CRCINA - INCIT Department - Team 2 - 8, quai Moncousu - BP 70721 - 44007 Nantes cedex 1 , France.
Bioinformatics. 2021 Aug 9;37(15):2165-2174. doi: 10.1093/bioinformatics/btab074.
The principle of Breiman's random forest (RF) is to build and assemble complementary classification trees in a way that maximizes their variability.
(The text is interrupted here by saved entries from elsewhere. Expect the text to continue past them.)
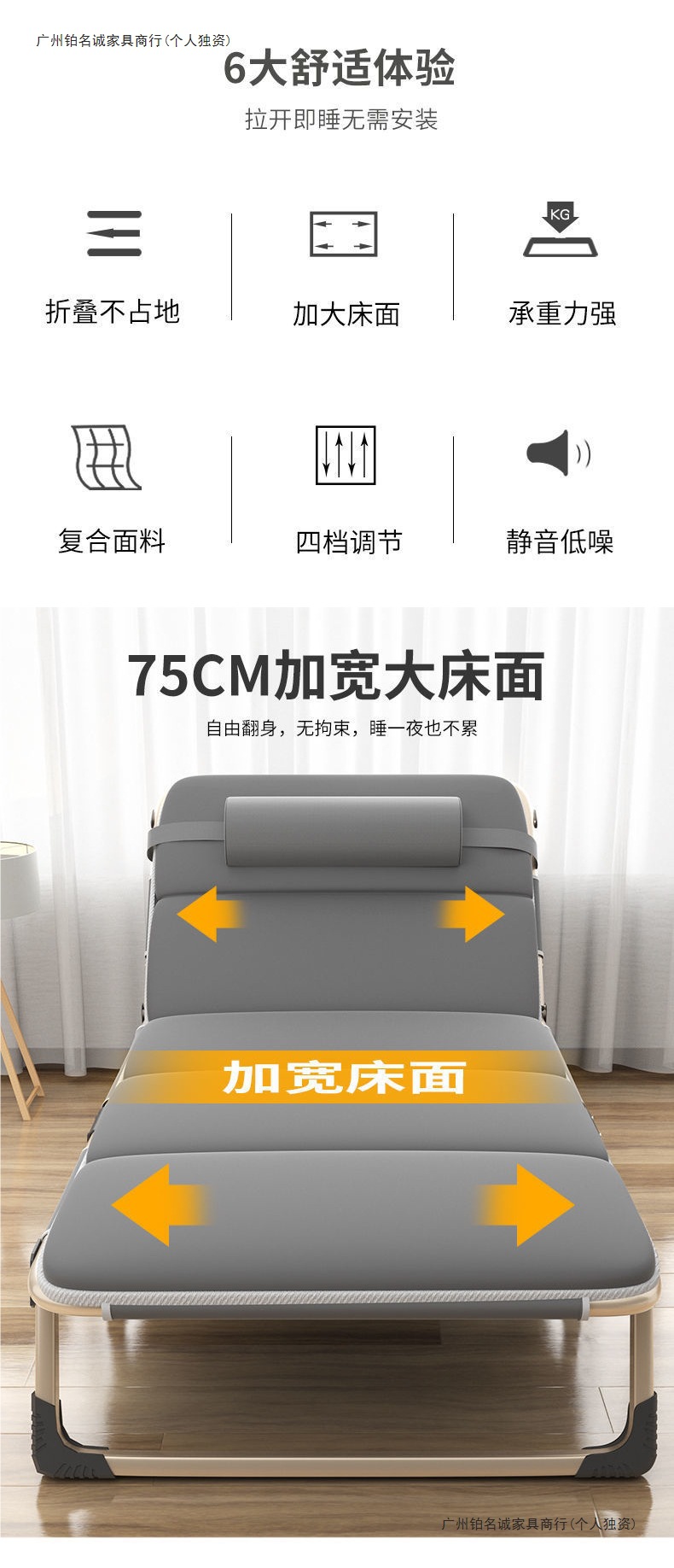 접이식 침대 가정용 간단한 싱글 낮잠 침대 사무실 성인 낮잠 침대 캠프 침대 휴대용 다기능 안락 의자스토어 가기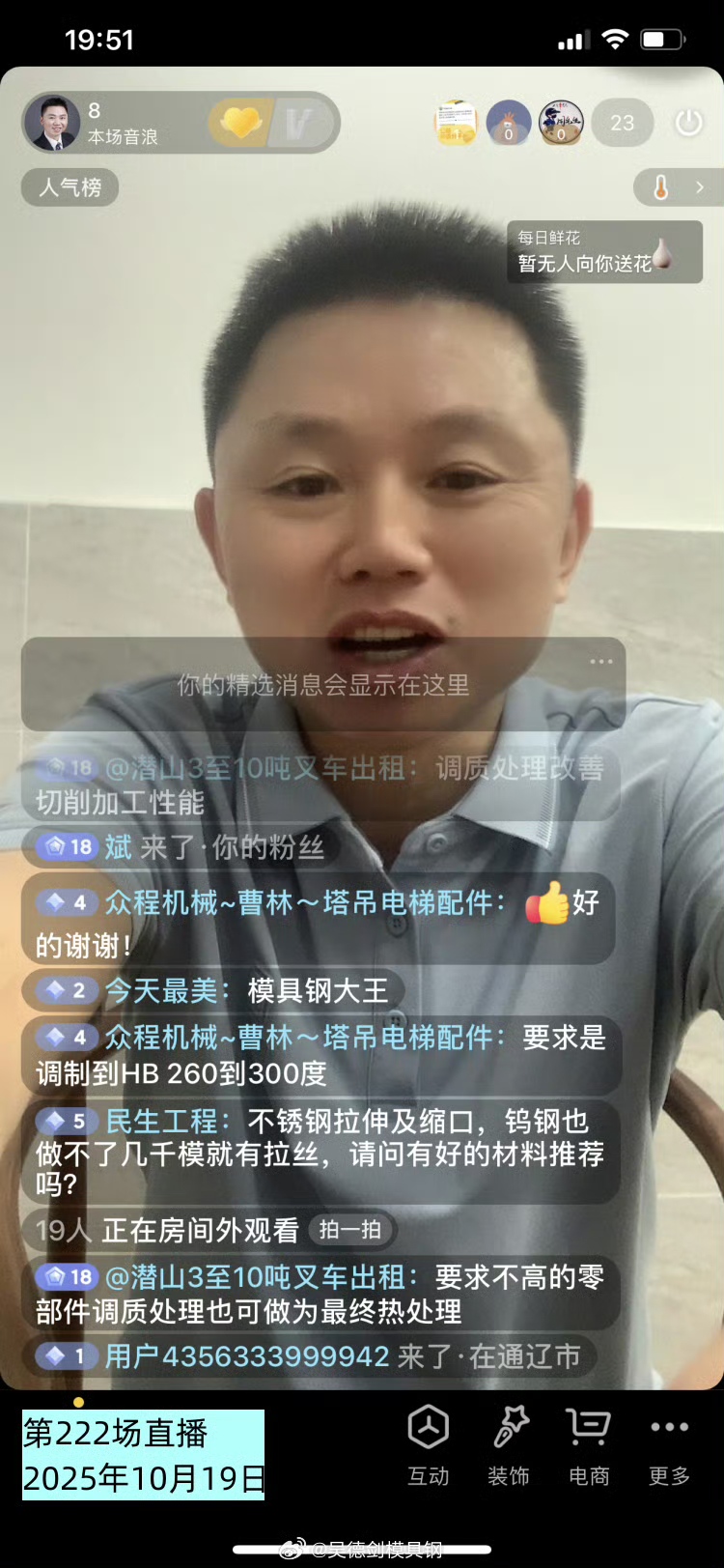 第222场直播间有网友提问说,不锈钢拉伸及缩口,钨钢也做不了几千模就有拉丝,请问有好的材料推荐吗?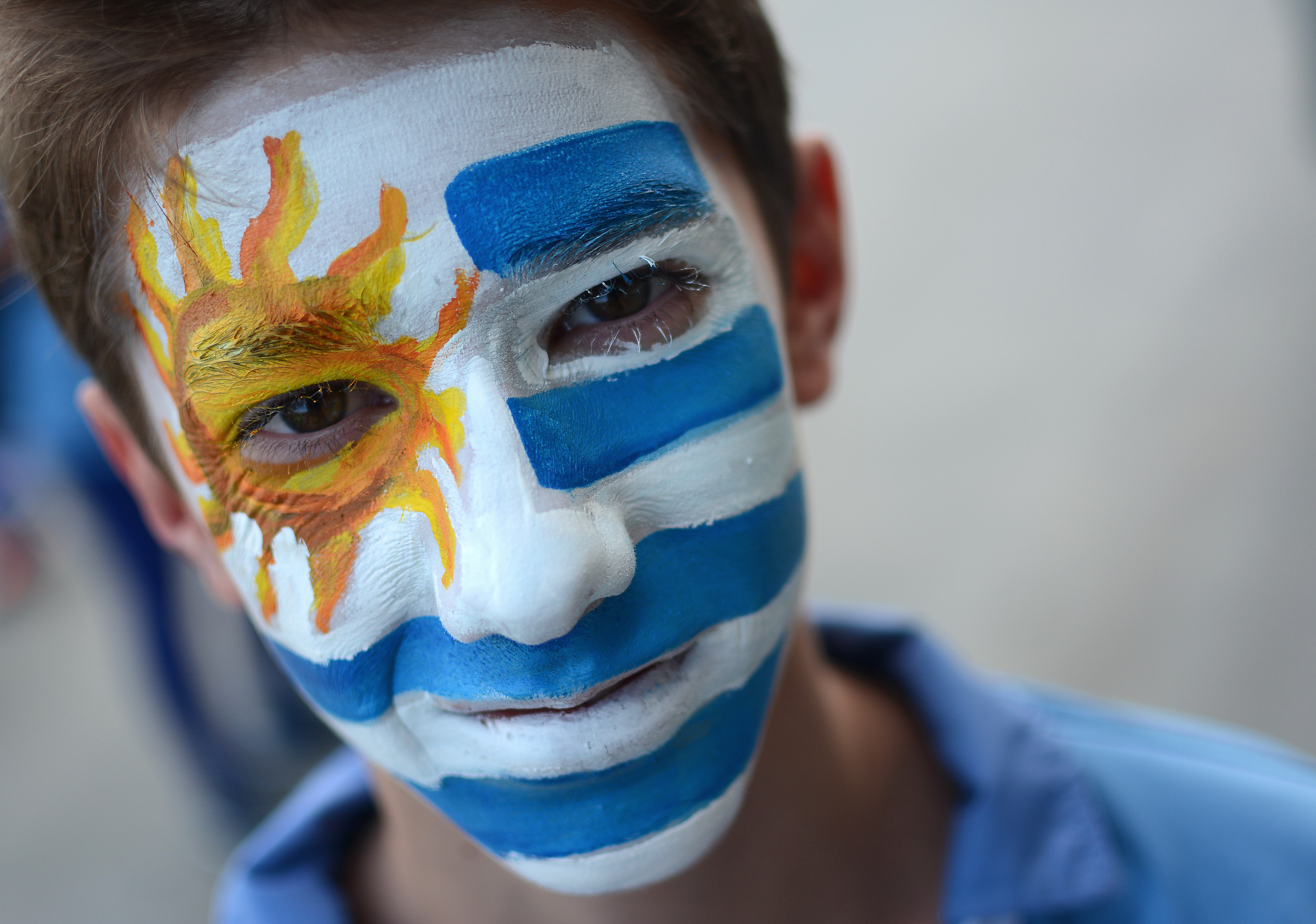 Published July 14, 2014 at 5409 × 3800 in Photo ← Previous Next → An Uruguayan boy painted with colours of his national flag waits for a FIFA World Cup soccer match between Uruguay and Costa Rica at Arena Castelao in Fortaleza, Brazil, Saturday, June 14, 2014.

We propose a new type of random forest that disobeys Breiman's principles and involves building trees with no classification errors in very large quantities. We used a new type of decision tree that uses a neuron at each node as well as an in-innovative half Christmas tree structure. With these new RFs, we developed a score, based on a family of ten new statistical information criteria, called Nguyen information criteria (NICs), to evaluate the predictive qualities of features in three dimensions.
The first NIC allowed the Akaike information criterion to be minimized more quickly than data obtained with the Gini index when the features were introduced in a logistic regression model. The selected features based on the NICScore showed a slight advantage compared to the support vector machines-recursive feature elimination (SVM-RFE) method. We demonstrate that the inclusion of artificial neurons in tree nodes allows a large number of classifiers in the same node to be taken into account simultaneously and results in perfect trees without classification errors.
The methods used to build the perfect trees in this article were implemented in the 'ROP' R package, archived at https://cran.r-project.org/web/packages/ROP/index.html.
Supplementary data are available at Bioinformatics online.
布莱曼随机森林(RF)的原理是以最大化其变异性的方式构建和组装互补分类树。我们提出了一种新型随机森林,它违背了布莱曼原理,涉及构建大量无分类错误的树。我们使用了一种新型决策树,该决策树在每个节点使用一个神经元以及一种创新的半圣诞树结构。利用这些新型随机森林,我们基于十个新的统计信息准则家族开发了一个分数,称为阮氏信息准则(NICs),以在三个维度上评估特征的预测质量。
当在逻辑回归模型中引入特征时,第一个NIC比使用基尼指数获得的数据更快地使赤池信息准则最小化。基于NICScore选择的特征与支持向量机递归特征消除(SVM - RFE)方法相比显示出轻微优势。我们证明在树节点中包含人工神经元允许同时考虑同一节点中的大量分类器,并产生无分类错误的完美树。
本文中用于构建完美树的方法在“ROP”R包中实现,存档于https://cran.r-project.org/web/packages/ROP/index.html。
补充数据可在《生物信息学》在线获取。